The team favours Play Framework for its simplicity and performance – it doesn’t require a lot of detailed knowledge to understand how to use it, and as a mature framework it’s very easy to get up and running. This made it ideal for building out their REST APIs as a set of highly available microservices.

The Actor abstraction provided by Akka offered a simple way for them to handle slow operations like external HTTP calls or writes to the database in a non-blocking, concurrent manner. Actors make it very easy to perform concurrent operations to avoid race conditions, unnecessary thread-blocking, and other common concurrency issues. They found Actors particularly useful for reading from/writing to Kinesis event streams.

What the company Like About …
Scala
  • High Productivity – Simple concise syntax, rapid development, strong type system
  • Great with concurrency – Because of immutability, Futures and Actors.
  • Java interoperability – Allows re-use of Java libraries, JVM tooling, etc.
Play
  • Simple to use
  • Great for creating REST APIs
  • Highly performant in microservices and streaming data architectures
Akka
  • Powerful multi-threading capabilities
  • Concurrency abstractions are well-suited for event streams
  • Capabilities to bulkhead code and scale without re-writes
Monitoring
  • Easy/fast to implement monitoring
  • Very useful for performance tuning of applications, identifying bottlenecks, etc.
  • Integrates well with visualisation tools
NashTech support
  • Very responsive
  • Very helpful with deep knowledge of all aspects of the NashTech stack
  • Great for general Scala advice

The outcome 

The modernised stack

Time to release updates

Typically 3-4 hours, often requiring application downtime.

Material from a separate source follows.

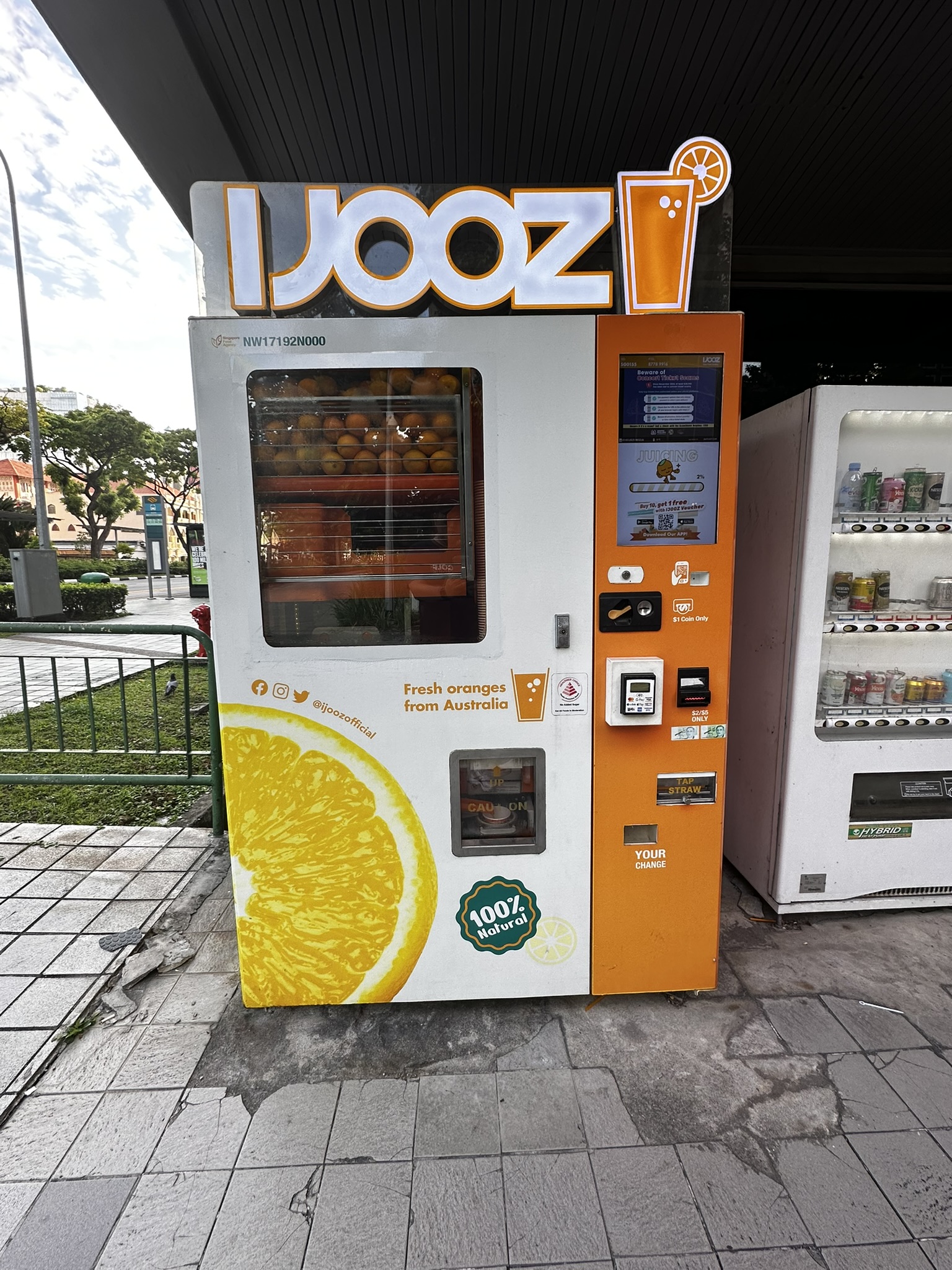 싱가포르 곳곳에서 쉽게 볼 수 있는 자판기로, 즉석에서 착즙된 오렌지 주스를 마실 수 있어 아이들에게 인기였습니다.

< 20 minutes to release a service update with no downtime

Ability to scale

Scaling up is a very slow labour-intensive manual process, requiring cloning and customisation of hardware, code deployments and testing. This typically takes days to implement.

Can horizontally scale a service up or down in minutes as a fully automated process. Soon will be able to automatically scale up or down in response to demand.

Today

A hotbed for developer innovation and a great culture for Scala developers

Today with its microservices architecture, they have become a nimble development organisation focused on expanding customer services based on real-time data and integrating various other devices. The company’s #1 engineering focus is its member experience and building best-in-class applications with emerging frameworks. As of Q4 2016, they saw five consecutive quarters of recruitment growth, with 2.6 million end-of-period subscribers.

“We want to continue to use Fast Data to be very responsive to our customers. We’re interested in all aspects of Fast Data – event streaming, data analytics, and real-time ingest. NashTech Reactive Platform and our microservices architecture enable us to pursue these new opportunities to bring value to our members.”